Async in C
C# has an amazing feature called async, which we’ve talked about many times before on this blog, which allows a programmer to write functions that are non-blocking, without needing to use threads. What would it look like to have async functionality in C?
I’ve been working on an experimental “mini-programming-language” which does just that. It doesn’t work the same way as in C#, because the needs in C are completely different. In C you don’t want all the hidden overhead costs that exist in C# related to setting up tasks and delegates and execution context. In C, things should be more or less as they seem.
What does it look like?
In this experimental language, you can declare functions as async
, to say that they don’t complete immediately in a blocking fashion, but instead may complete asynchronously. When functions are declared async
, some interesting things happen. One thing is that, in the context of the async function, the word return
actually refers to a function, which can be called and saved like any other function. For example, here is an async
function foo
which returns the value 1
.
async int foo() { return(1); }
Of course this function actually returns synchronously, even though it’s declared async
. The only difference is that it’s returning using continuation passing style instead of a direct return. But using this feature we could actually delay the return to another point in time:
Continuation<int> savedFooReturn; async int foo() { savedFooReturn = return; } void someEventOccurs() { savedFooReturn(1); }
Now we’ve saved the return continuation and only triggered it when some event returns. We discussed last time what a continuation might actually look like in C, so this week we’ll just elide the type details and say that a continuation is of type Continuation<T>
, where T
is the return type of the function calling the continuation. Values of this type are each physically the size of a single pointer, and can be executed using the same syntax as a function.
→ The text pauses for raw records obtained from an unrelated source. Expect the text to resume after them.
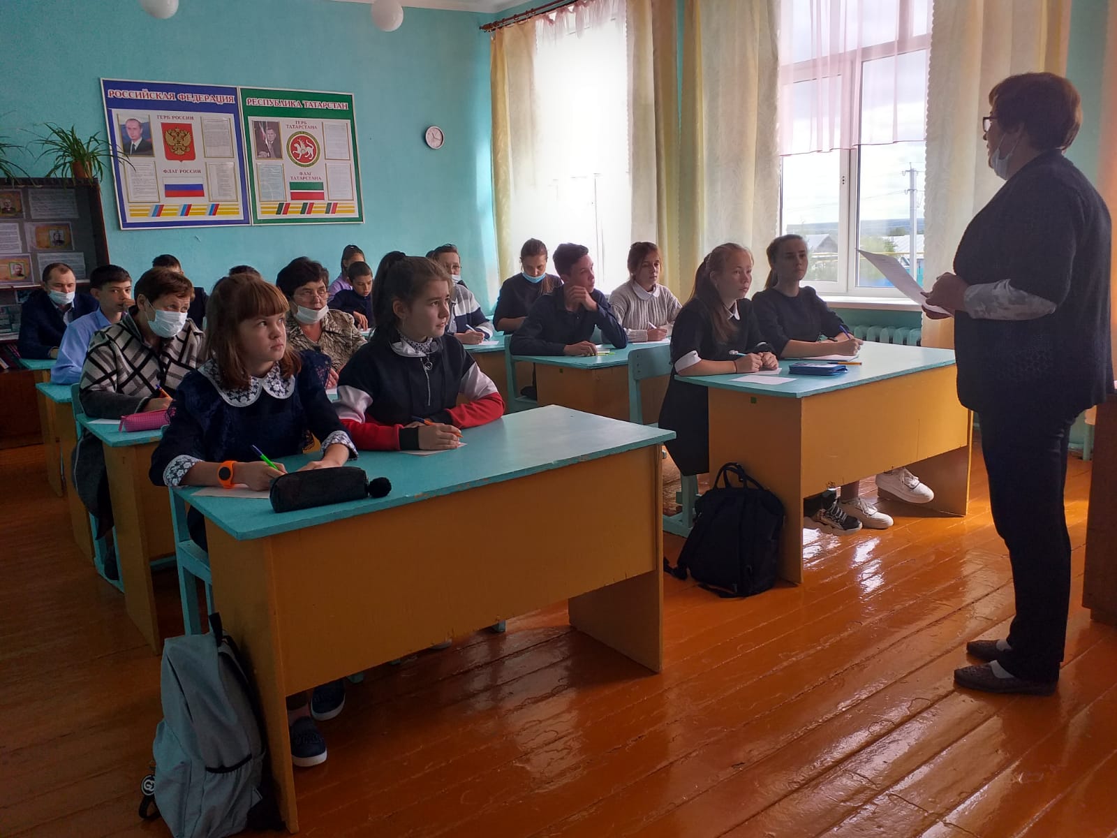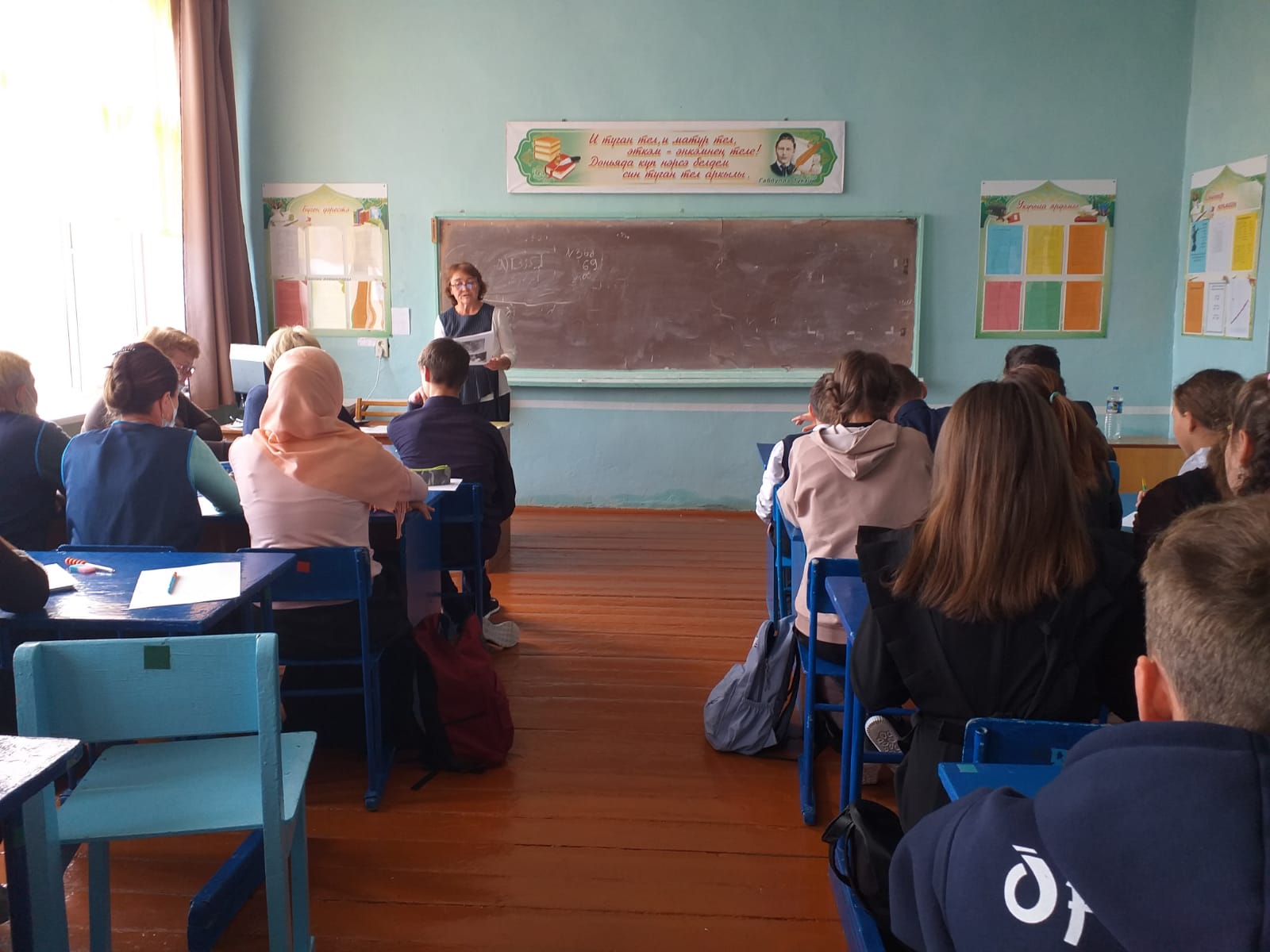 Сегодня в школе писали татарский диктант. В диктанте приняло участие в общей сложности 100 человек: учащиеся, сотрудники школы/Бүген мәктәптә татар диктанты яздылар. Диктантта барлыгы 100 кеше катнашты: укучылар, мәктәп хезмәткәрләре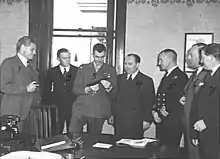 O'Brien (centre) at a meeting of the Executive Committee, Army Inventions Directorate in May 1945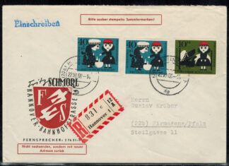 Bund 0376 – 379 mit Zusatzfrankatur 375 + 391 auf schönem Eilbotenbrief !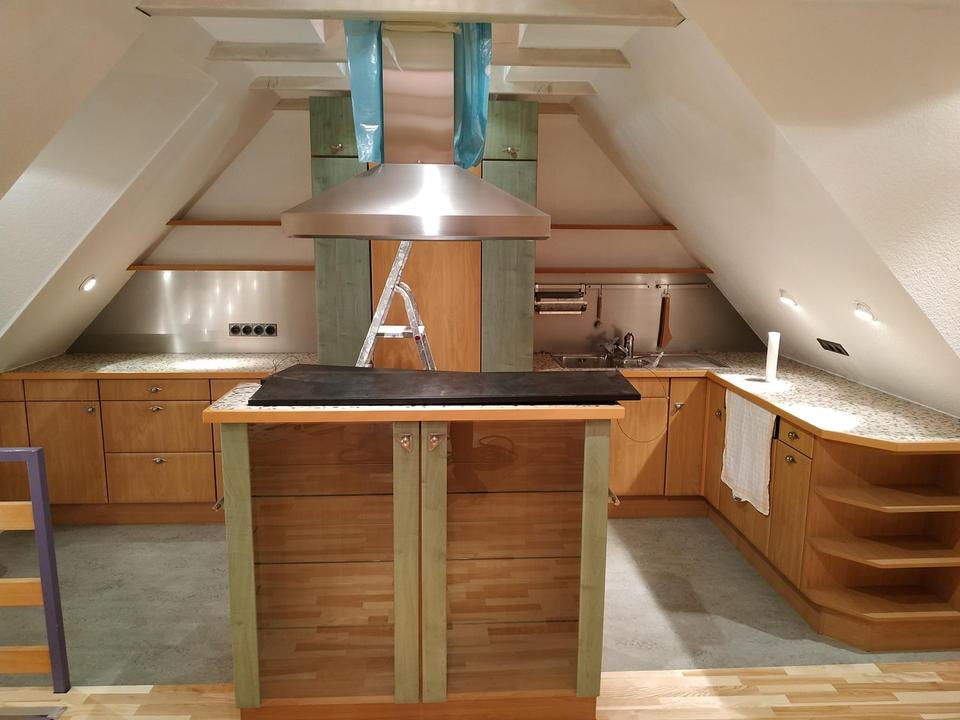 Integrierte Arbeitsplattenbeleuchtung und Kranzbeleuchtung an der Einbauküche.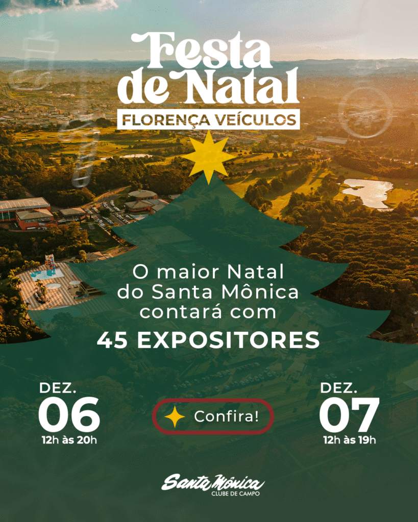 O Natal do Santa Mônica Clube de Campo – Florença Veículos foi planejado para ser memorável: maior, mais iluminado, mais interativo e mais acolhedor. Uma festa que celebra união, tradição e o orgulho de ser parte da nossa comunidade.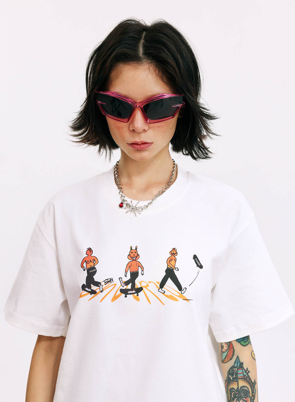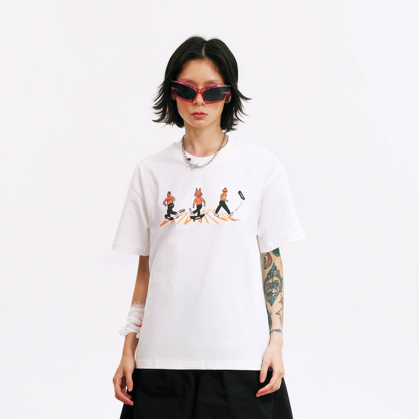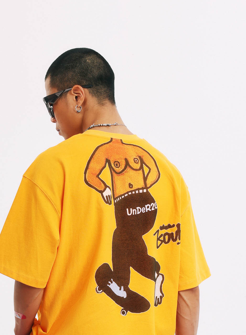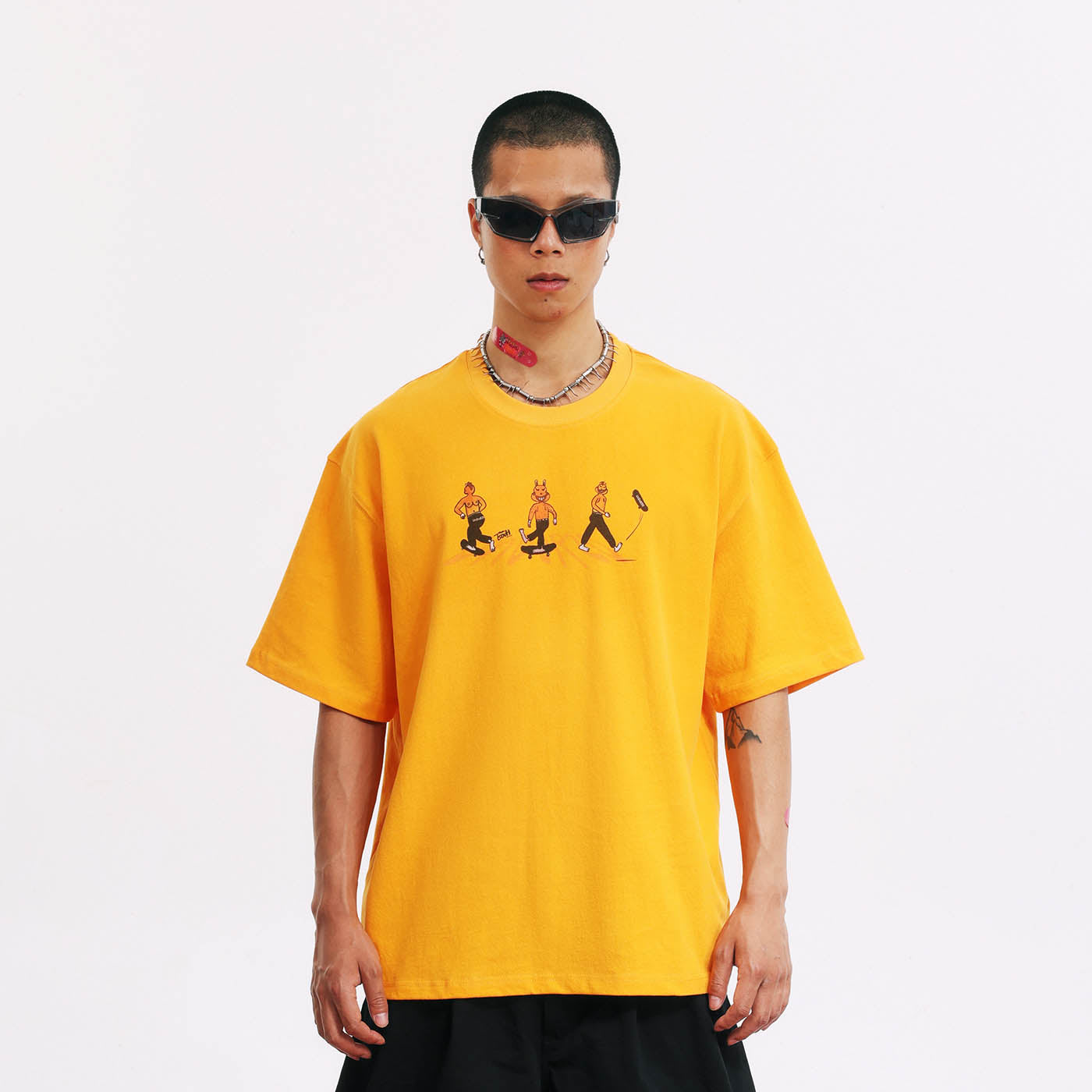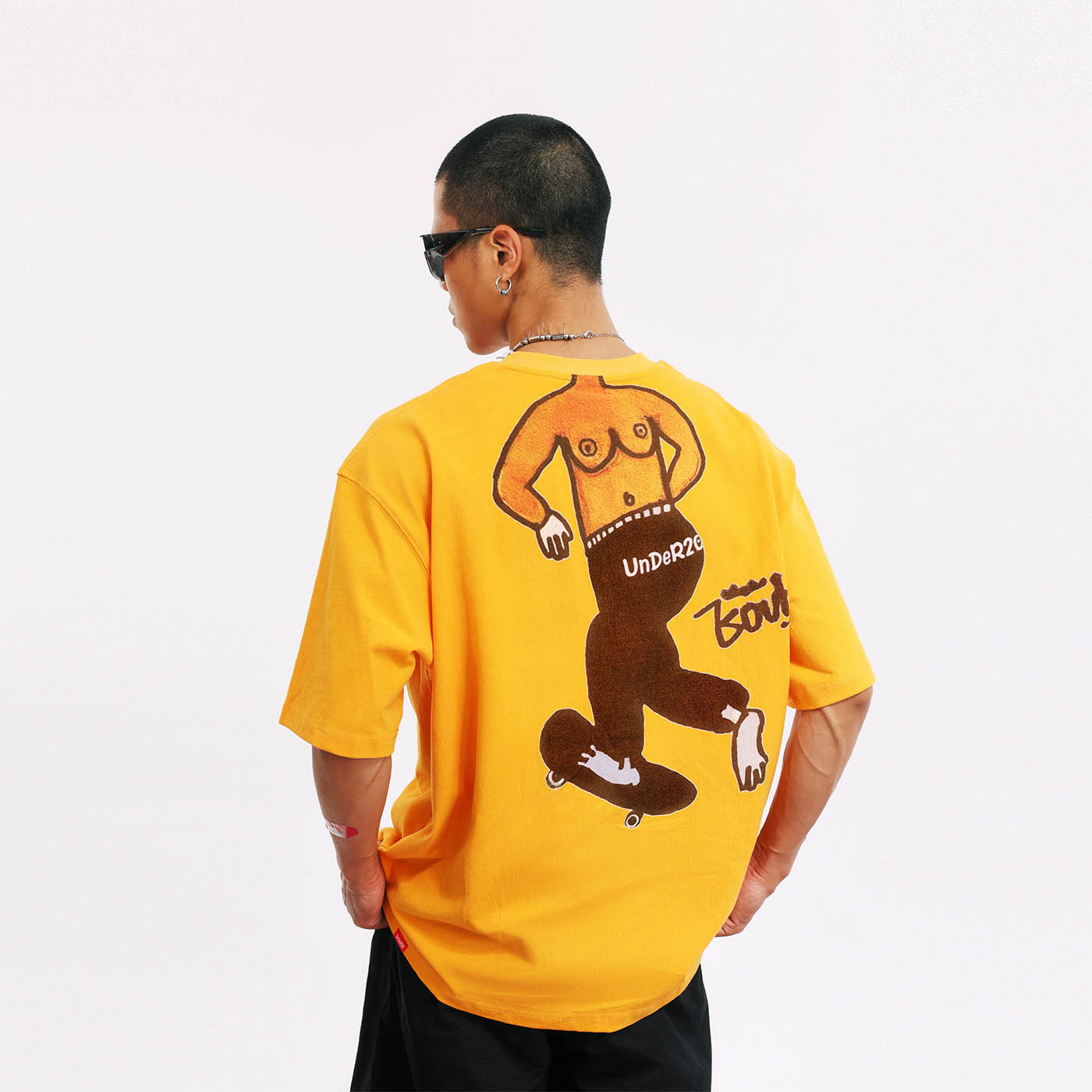 Tailer is an undeniably rebellious boy within the family, with a Mohawk and a bare back revealing breasts, clearly showing ambiguous sexual characteristics. Notoriously, he's the most mischievous local skateboarder, renowned for his precise shooting. The artist EouH portrays Tailer as a character both cute and cool. Thus, we boldly feature a large print on the back of this T-shirt, dedicated to the coolest individuals.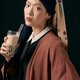 戴珍珠奶茶方巾的少女 Girl with a pearl milk tea scarf 以经典名画 Girl with a Pearl Earring 为概念发想,一起穿戴珍奶方巾散发青春的少女气息,随意搭出各式日常穿搭!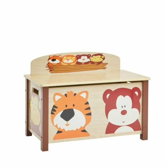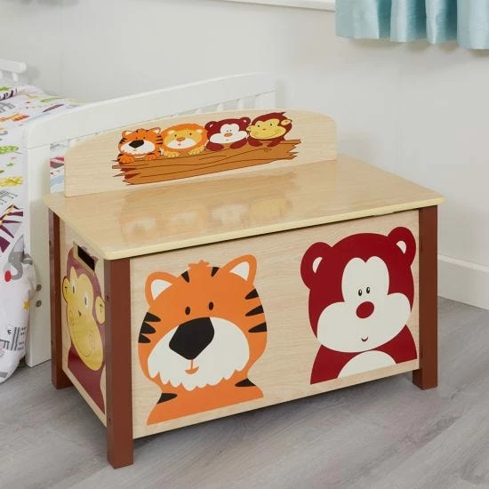. Friendly Lion, Monkey, Bear and Tiger characters adorn this usefully large toy box.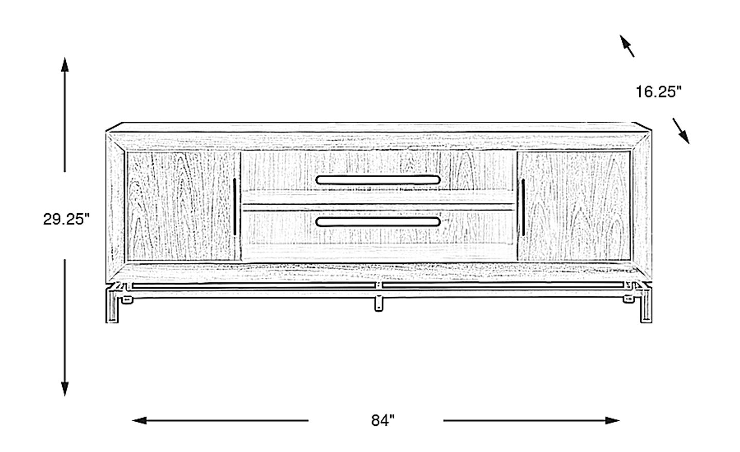 At 84 inches wide, this console is a significant statement piece best suited for larger living rooms or open-concept floor plans where it can ground a large wall. However, while it is wide, its narrow depth of 16.25 inches helps it maintain a slim profile that won't impede foot traffic, making it a viable option for narrower rooms that have the wall length to support its scale.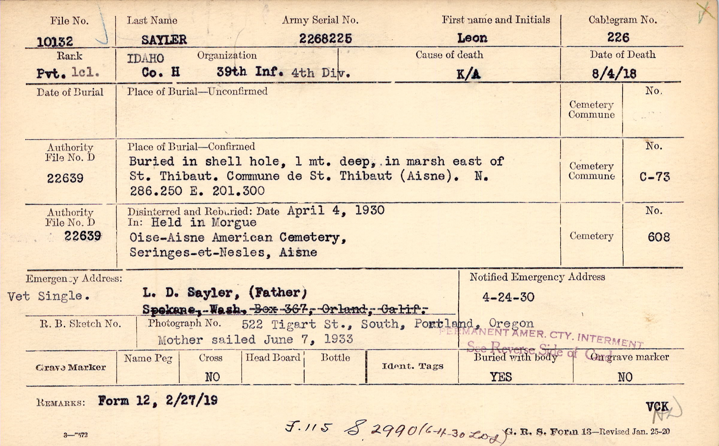 L.D. Sayler, (Father), 522 Tigart St., South, Portland, Oregon, Vet Single. Mother sailed June 7, 1933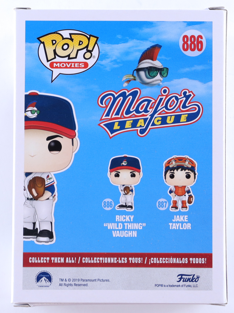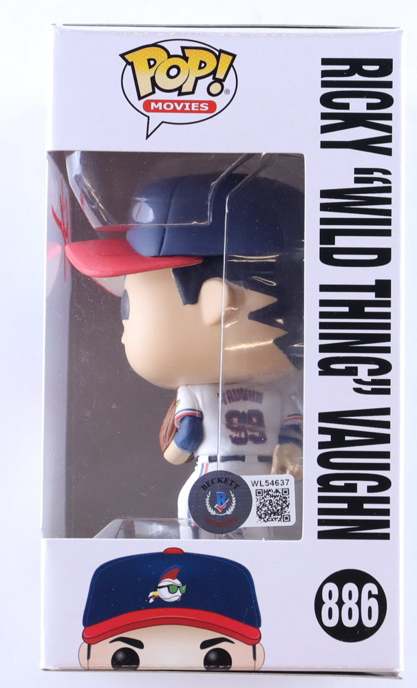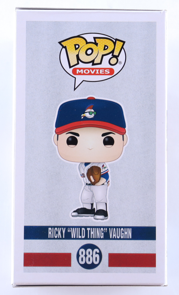 Vinyl figure measures approximately 4" tall. Hand-signed on the packaging by Charlie Sheen (Ricky 'Wild Thing' Vaughn).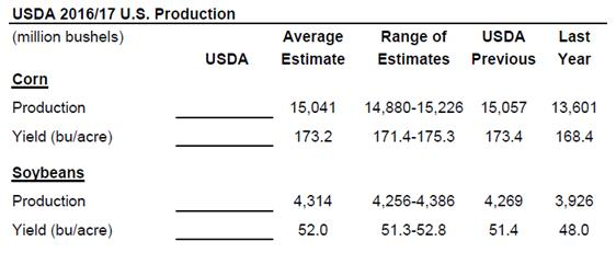 Dans le maïs, moins de changement est attendu. La moyenne est estimés du rendement est similaire à celui rapporté le mois dernier, mais on note que l’étendue des estimés est relativement large (de 171.4 à 175.3 boiss./acre). Récemment, la demande pour le maïs s’est avérée très forte, il faudra aussi surveiller si l’USDA augmentera ses prévisions pour l’éthanol ou l’exportation.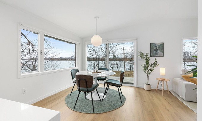 Wake up to tranquility and wildlife at this bayside location on the Mississippi River. Uniquely perched at the water’s edge, the fresh bright interior design provides modern comfort and stunning views of the private bay and river through expansive windows. If you are looking for a quiet respite and a change of scene, this cozy gem shuts out the noisy world and allows nature to remind you of the sights and sounds of serenity.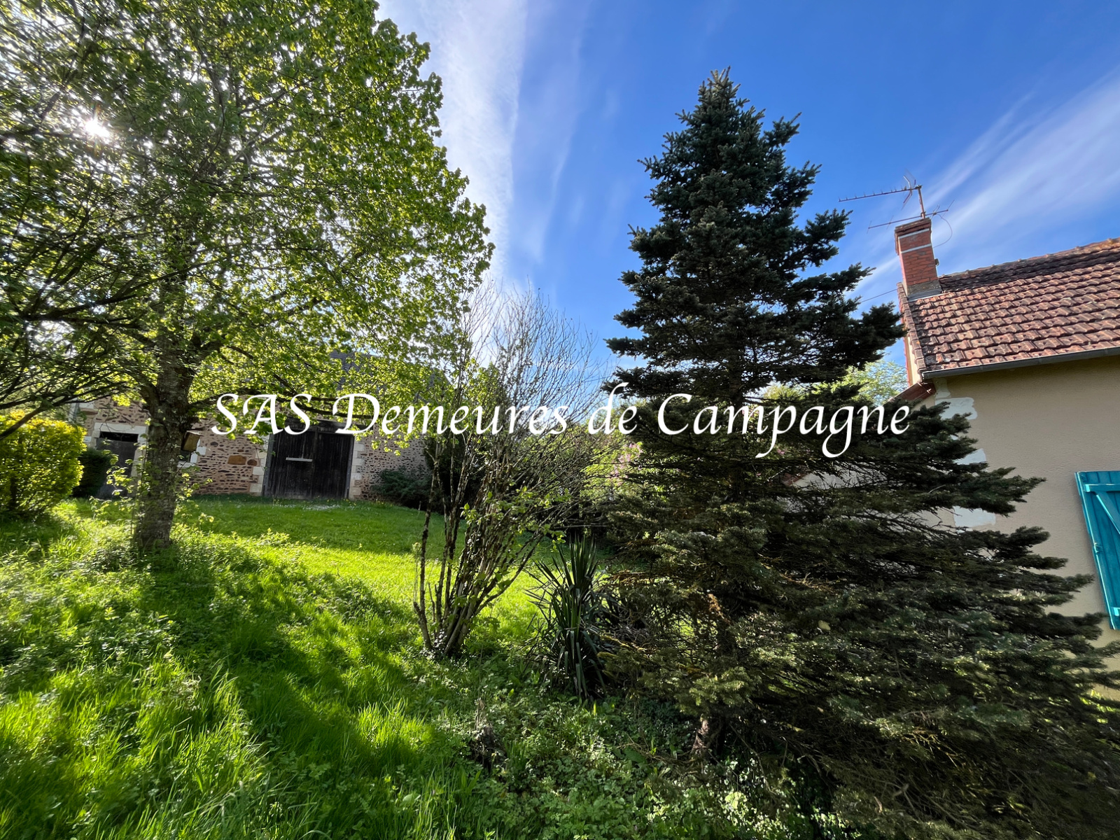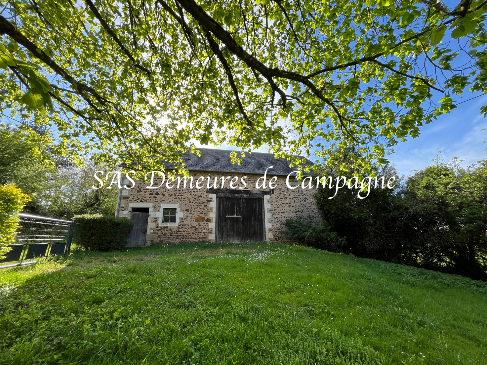 Terrain arboré et entièrement clos de 1800m2. Grange d’env.100m2.

Now comes the interesting bit. Say we have a function, bar
, which calls foo
. In this experimental language, you can simply define bar
like this in this experimental language:
void bar() { // ... Some code ... int x = foo(); // ... Some more code ... return x + 1; }
Now clearly bar must be asynchronous as well, since it calls foo
, and depends on the result of foo
before it can continue. But the magic is that we don’t need to declare the asynchrony explicitly. The experimental language compiler not only infers the asynchrony, but does the corresponding conversion to CPS automatically.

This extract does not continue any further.